In other words, we help our tenants and clients get the most from the property they rent from us.
About 50 words, versus 17. Verbosity and business cliches that seemed to arrive from Planet Cubicle, versus believable, understandable English For The Rest of Us.
Which would you prefer to encounter during your daily workflow with fellow corporate denizens and cubicle dwellers, we mean – humans?
In his recent column, “Buzzwords are evil and must be stopped; You’d think they make you sound important, but they just confuse,” Tribune Company columnist Rex W. Huppke of the I Just Work Here column lamented corporate America’s embrace of this new language. It’s a scourge on the tongue, senses and the psyche. It leaves some people linguistically stranded on the outside as others act as if they belong to some important clique.
OK, so he’s not poo-poo’ing all catchy corporate cliches. Some – like “repurposing” – seem to have found a comfortable place rolling of many people’s tongues. Maybe we can thank Jerry Seinfeld and his “regifting” episodes for making re-anything-ing feel acceptable.
Huppke also noted that in certain circles the use of “catch phrases” is required for individuals, teams or people in the same industry who “speak the same language.” For the rest of us, Rosetta Stone may be required.

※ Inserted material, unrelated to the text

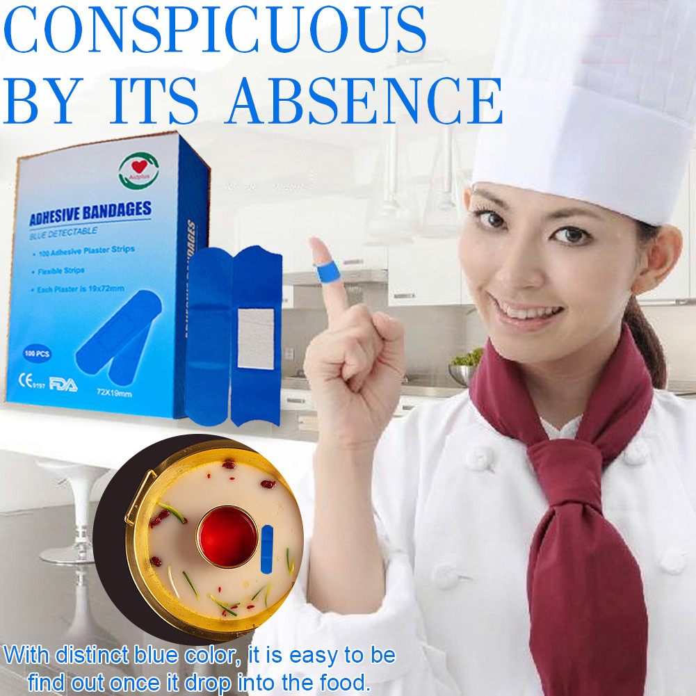 100pcs Waterproof Band Aid Blue Metal Detectable Bandage For Wounds

But to Huppke, that’s about where it ends. “… if you find yourself relying on vague buzzwords and catchphrases, you might be what [Bryan Garner of “Garner’s Modern American Usage”] calls an anxious communicator. These bits of nonsense act as crutches.”

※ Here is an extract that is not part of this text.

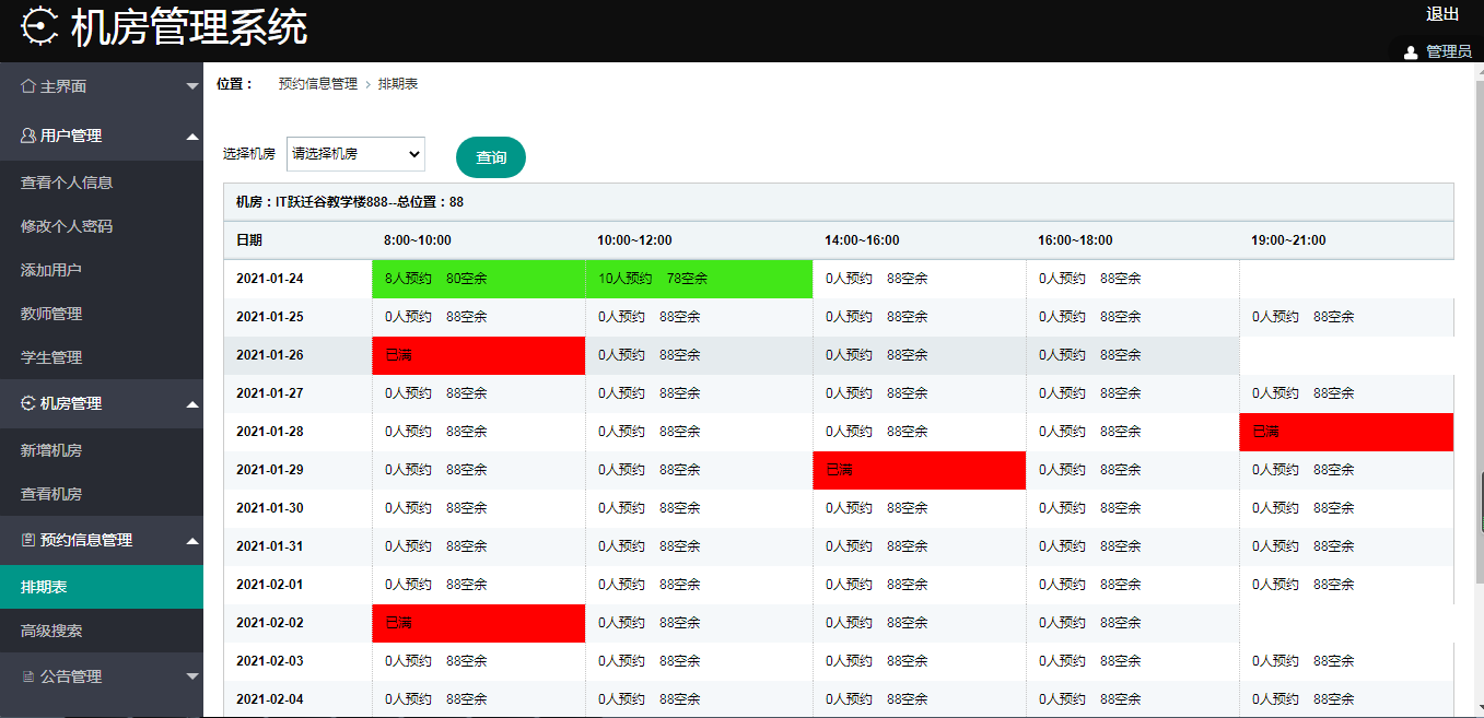 - 查看实验室机房排期表。

It’s akin to some 2000s take on the Valley-Girl-meets-Jeff Spicoli riffs of the 1970s and ’80s. Ohmagahd!
It’s so much, “Blah, blah, blah” (listen for it. If you haven’t already, you’ll hear it spoken by kids and Baby Boomers alike).

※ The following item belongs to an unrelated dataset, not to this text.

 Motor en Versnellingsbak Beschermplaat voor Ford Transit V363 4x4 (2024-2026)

Actually, they’re not that different. And each has its place – in the proper place. Marketers might glom on to such phrases as state of the art, tech savvy, market leading, pioneer or innovator. Just know that many journalists, bloggers or other opinion influencers (oops) often tag such phrases as meaningless and futile attempts at grandstanding.
Still, just because one abuse or at least excess of the language is spoken by adolescents and the other is spoken by business folk whose ties are so tight as to restrict blood flow to the prefrontal cortex (the part of their brain that controls reason, judgment and impulse – yes, we looked that up), doesn’t make one oh-so-sophomoric and the other all uppity. Used sparingly and well, they’re OK.
Just know that when you leave Mr. Hand’s classroom or the Corporate Institution, loosen the tie, lose the “dude speak” and ditch the corporate speak, and sidle up to the plain ol’ English trough with the rest of us. We’ll help you re-activate your previously utilized vernacular.